Exercise aim: Using the material below, repeat exactly the lines from the one with "Cigar & tobacco" through the one with "In order to", ends included, without any images.

Exercise input:
+===+

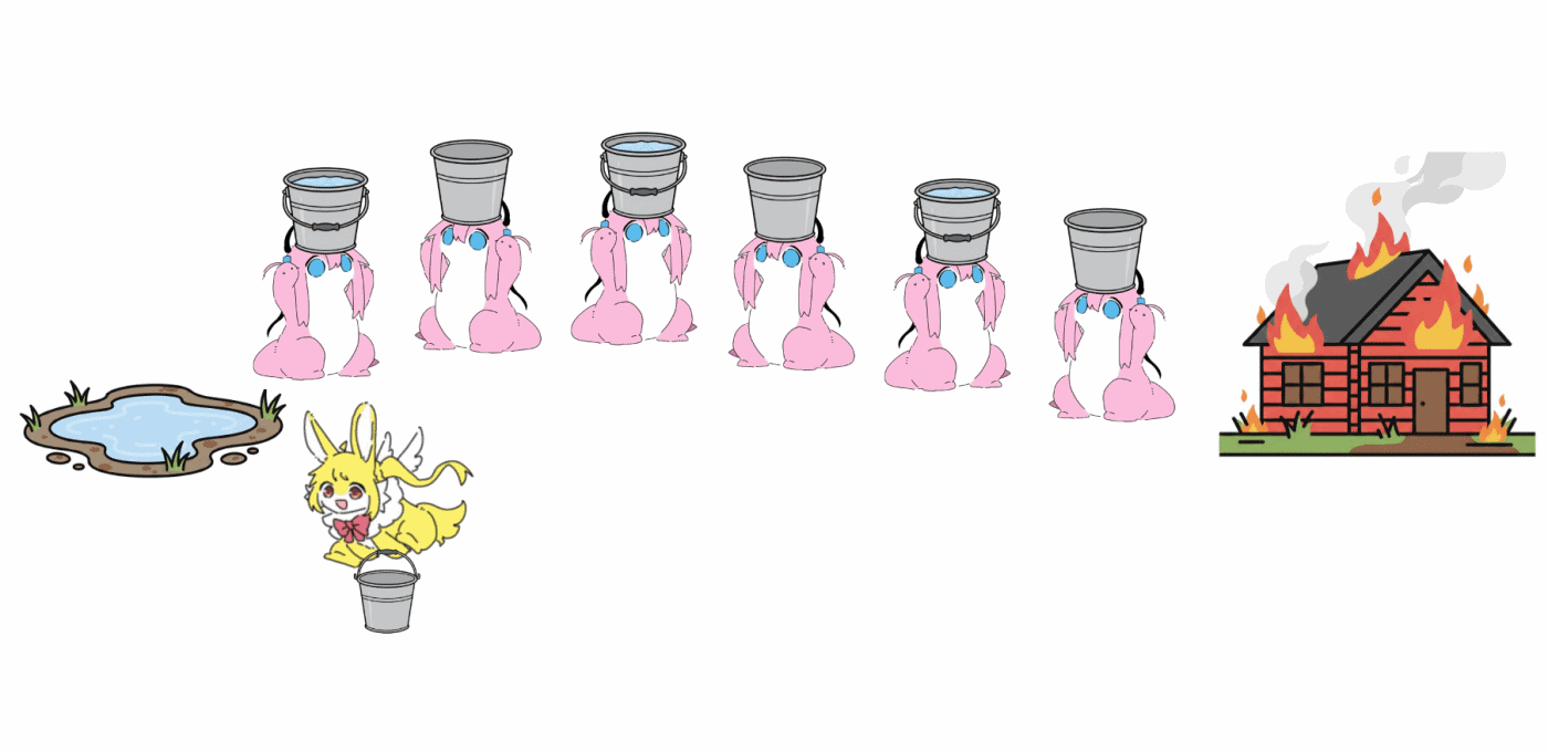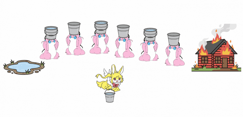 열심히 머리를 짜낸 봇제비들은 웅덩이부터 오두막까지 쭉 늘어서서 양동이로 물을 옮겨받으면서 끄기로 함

+===+

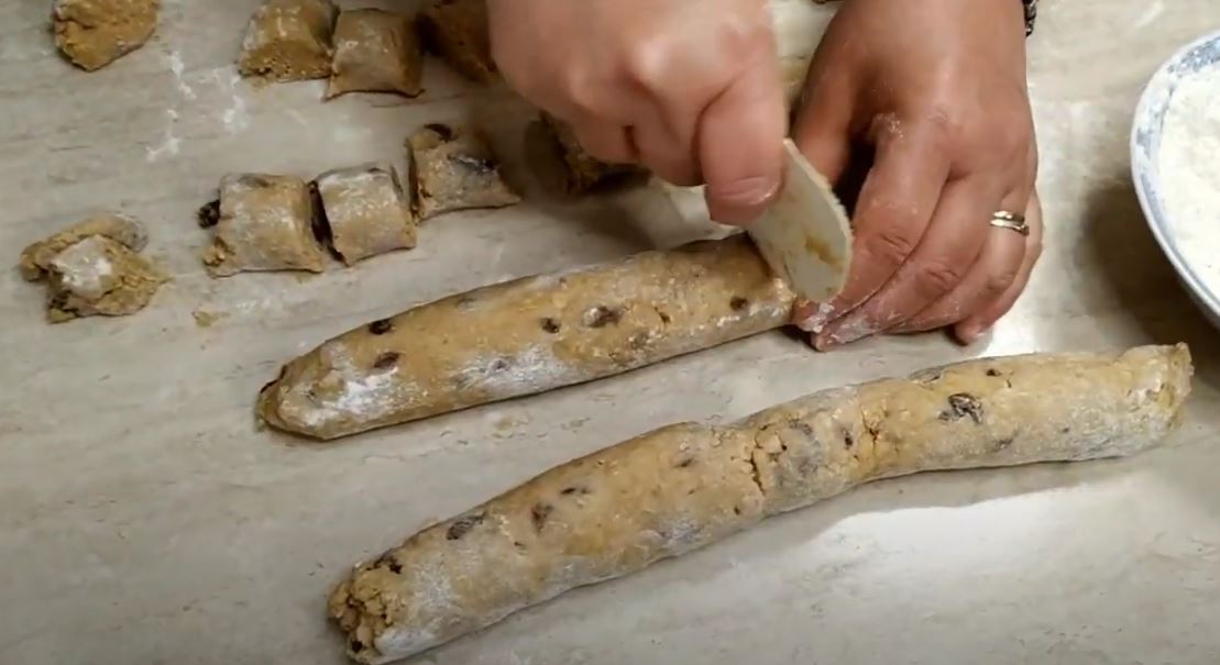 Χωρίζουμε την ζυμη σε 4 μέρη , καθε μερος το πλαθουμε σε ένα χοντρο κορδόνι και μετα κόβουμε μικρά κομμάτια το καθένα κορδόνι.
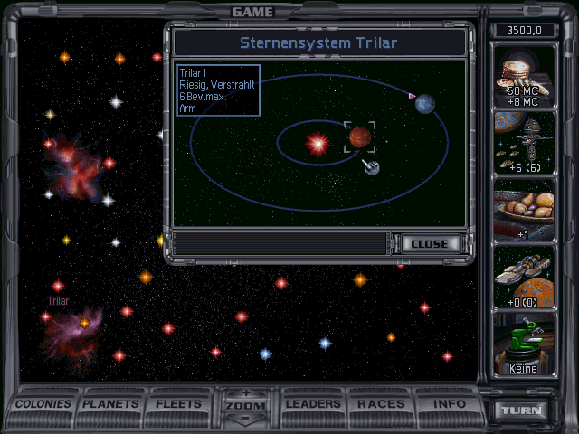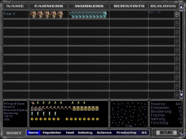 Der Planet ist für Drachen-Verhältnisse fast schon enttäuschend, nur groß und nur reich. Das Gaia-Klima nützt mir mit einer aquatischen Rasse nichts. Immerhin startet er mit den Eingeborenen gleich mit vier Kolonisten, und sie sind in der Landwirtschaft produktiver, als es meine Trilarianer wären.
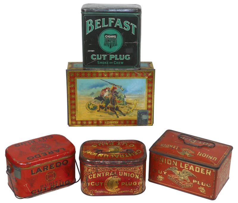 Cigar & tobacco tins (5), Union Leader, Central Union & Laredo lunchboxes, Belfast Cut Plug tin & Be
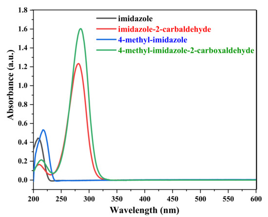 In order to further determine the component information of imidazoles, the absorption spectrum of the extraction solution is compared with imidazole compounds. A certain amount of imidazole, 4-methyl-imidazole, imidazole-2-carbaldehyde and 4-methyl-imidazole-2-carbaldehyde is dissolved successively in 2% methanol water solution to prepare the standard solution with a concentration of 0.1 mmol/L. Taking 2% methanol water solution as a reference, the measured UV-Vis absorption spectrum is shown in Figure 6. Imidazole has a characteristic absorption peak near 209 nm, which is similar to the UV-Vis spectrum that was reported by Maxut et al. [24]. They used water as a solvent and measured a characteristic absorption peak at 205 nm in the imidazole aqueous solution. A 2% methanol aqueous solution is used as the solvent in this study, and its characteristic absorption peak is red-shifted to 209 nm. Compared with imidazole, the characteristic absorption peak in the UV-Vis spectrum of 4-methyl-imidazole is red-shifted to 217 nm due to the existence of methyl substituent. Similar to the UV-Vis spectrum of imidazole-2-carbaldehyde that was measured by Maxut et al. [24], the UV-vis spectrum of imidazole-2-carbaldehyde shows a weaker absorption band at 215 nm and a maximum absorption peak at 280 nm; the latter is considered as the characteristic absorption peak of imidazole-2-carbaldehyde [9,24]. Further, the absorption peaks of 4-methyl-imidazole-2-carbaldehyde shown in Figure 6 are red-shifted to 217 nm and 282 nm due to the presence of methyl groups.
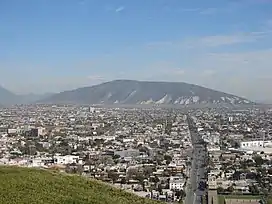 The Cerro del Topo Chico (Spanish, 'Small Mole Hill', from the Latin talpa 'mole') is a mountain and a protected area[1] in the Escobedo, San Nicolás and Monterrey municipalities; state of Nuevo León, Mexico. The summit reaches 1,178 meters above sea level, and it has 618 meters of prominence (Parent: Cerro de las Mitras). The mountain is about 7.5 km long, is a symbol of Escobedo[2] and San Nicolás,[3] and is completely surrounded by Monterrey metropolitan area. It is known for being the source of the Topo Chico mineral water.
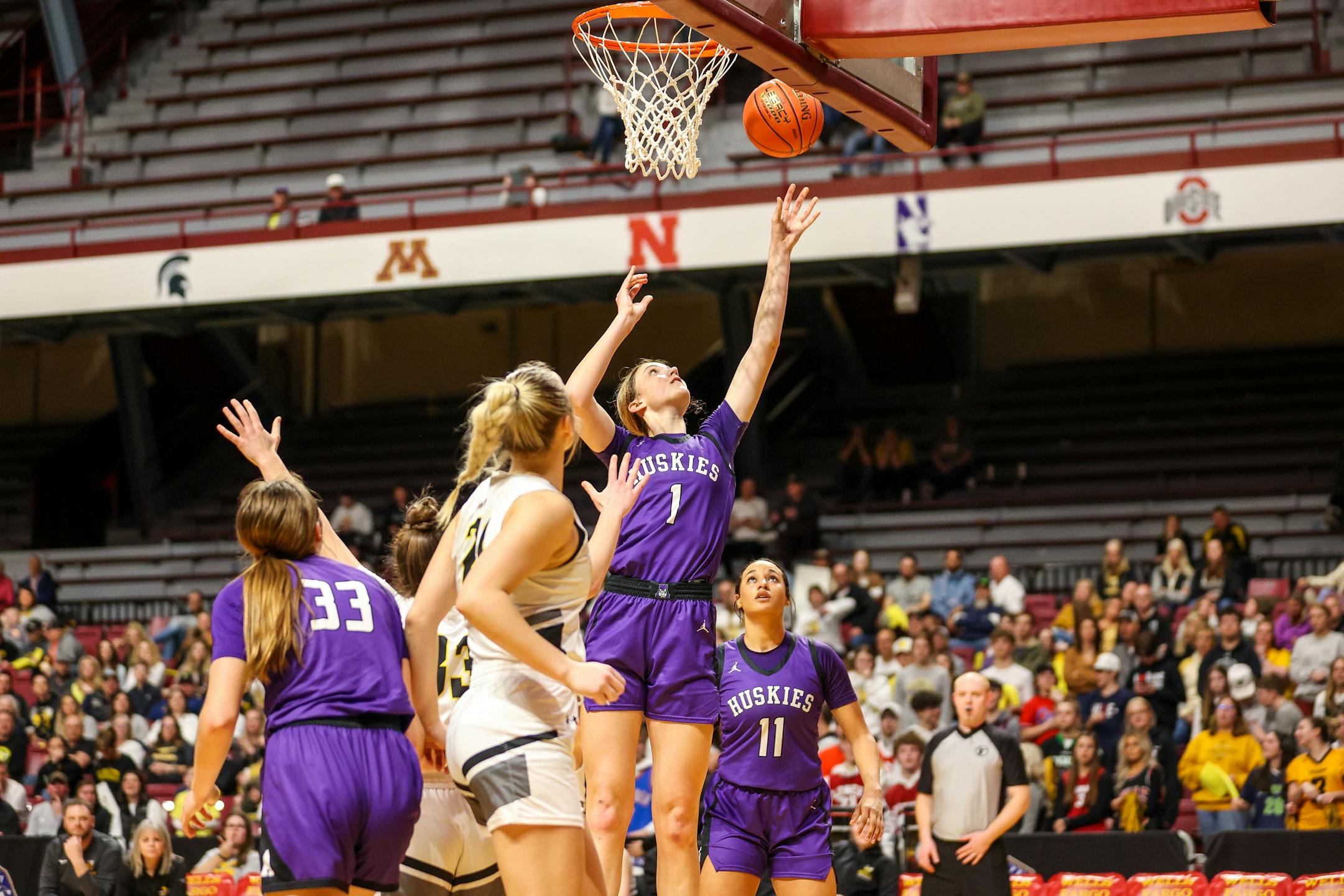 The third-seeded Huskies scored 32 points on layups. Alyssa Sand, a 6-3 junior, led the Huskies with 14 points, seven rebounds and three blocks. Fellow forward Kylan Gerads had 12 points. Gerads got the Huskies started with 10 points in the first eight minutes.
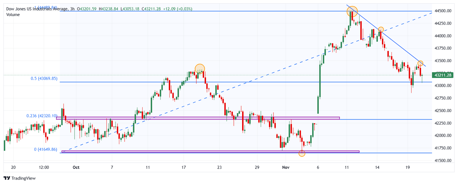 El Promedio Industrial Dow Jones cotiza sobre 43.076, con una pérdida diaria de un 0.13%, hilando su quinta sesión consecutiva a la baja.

+===+

Result of this exercise:
 Cigar & tobacco tins (5), Union Leader, Central Union & Laredo lunchboxes, Belfast Cut Plug tin & Be
 In order to further determine the component information of imidazoles, the absorption spectrum of the extraction solution is compared with imidazole compounds. A certain amount of imidazole, 4-methyl-imidazole, imidazole-2-carbaldehyde and 4-methyl-imidazole-2-carbaldehyde is dissolved successively in 2% methanol water solution to prepare the standard solution with a concentration of 0.1 mmol/L. Taking 2% methanol water solution as a reference, the measured UV-Vis absorption spectrum is shown in Figure 6. Imidazole has a characteristic absorption peak near 209 nm, which is similar to the UV-Vis spectrum that was reported by Maxut et al. [24]. They used water as a solvent and measured a characteristic absorption peak at 205 nm in the imidazole aqueous solution. A 2% methanol aqueous solution is used as the solvent in this study, and its characteristic absorption peak is red-shifted to 209 nm. Compared with imidazole, the characteristic absorption peak in the UV-Vis spectrum of 4-methyl-imidazole is red-shifted to 217 nm due to the existence of methyl substituent. Similar to the UV-Vis spectrum of imidazole-2-carbaldehyde that was measured by Maxut et al. [24], the UV-vis spectrum of imidazole-2-carbaldehyde shows a weaker absorption band at 215 nm and a maximum absorption peak at 280 nm; the latter is considered as the characteristic absorption peak of imidazole-2-carbaldehyde [9,24]. Further, the absorption peaks of 4-methyl-imidazole-2-carbaldehyde shown in Figure 6 are red-shifted to 217 nm and 282 nm due to the presence of methyl groups.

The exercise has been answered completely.